Expert: Scott A Wilson - 9/21/2009

Question
First of all, thank you for your time. I'm trying to follow my class notes on this, but none of them "match" this type of probability, and being a person who cannot seem to comprehend math very well, I'm having trouble writing the answer to this question out in detail (the steps):

Let us flip a coin and roll a die. Find the probability that the coin will be heads or that the die will be even, given the following:  A is the event that the coin is heads and B is the event that the die is even, and
A = {(H,1),(H,2),(H,3),(H,4),(H,5),(H,6)}
B = {(H,2),(T,2),(H,4),(T,4),(H,6),(T,6)}

All the other "examples" we did in class were things like, they are BOTH dice, and what is the probability of rolling a 7 or 11, etc.
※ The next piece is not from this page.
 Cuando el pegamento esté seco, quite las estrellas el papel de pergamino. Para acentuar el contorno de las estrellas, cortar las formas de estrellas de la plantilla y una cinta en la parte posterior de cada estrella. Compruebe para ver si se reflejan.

I know that the formula for this is P(A or B) = P(A) - P(B) - P(A and B) ... and I know this sounds dumb, but I'm having trouble "filling in" for the steps ... my brain seems to keep scrambling over it ... I know it's probably so simple and I just can't see it...  Thank you for your help!

Answer
By AnB, I mean "A intersect B".

The entire set has the first one as H or T and the second one as 1,2,3,4,5 or 6.  Thus, the entire set is {(H,1),(H,2),(H,3),(H,4),(H,5),(H,6),(T,1),(T,2),(T,3),(T,4),(T,5),(T,6)}.
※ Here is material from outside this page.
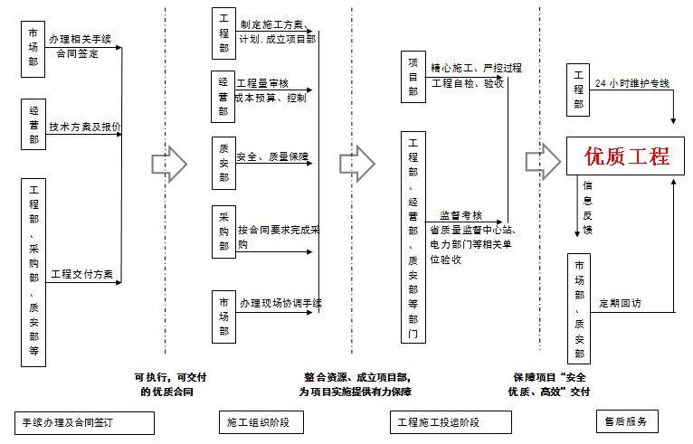 服務管理以"安全為基、效率為先、客戶為本"為三大支柱,構建覆蓋公司項目全生命周期的服務體系。

The set A is listed correctly and has 6 elements.
The set B is listed correctly and has 6 elements.
The set AnB is the set of elements in A and B.
They are {(H,2),(H,4), and (H,6)}.  There are 3 elements here.

It can now be said that the P(A) = 6/12 = 1/2, P(B) = 6/12 = 1/2, and P(AnB) = 3/12 = 1/4.
Thus, it is now seen that P(AnB) = P(A)•P(B), which says that they are independent.

A complement would be just like A with all of the H changed to T.
B complement would be just like B with 2,4,6 changed to 1,3,5, respectively.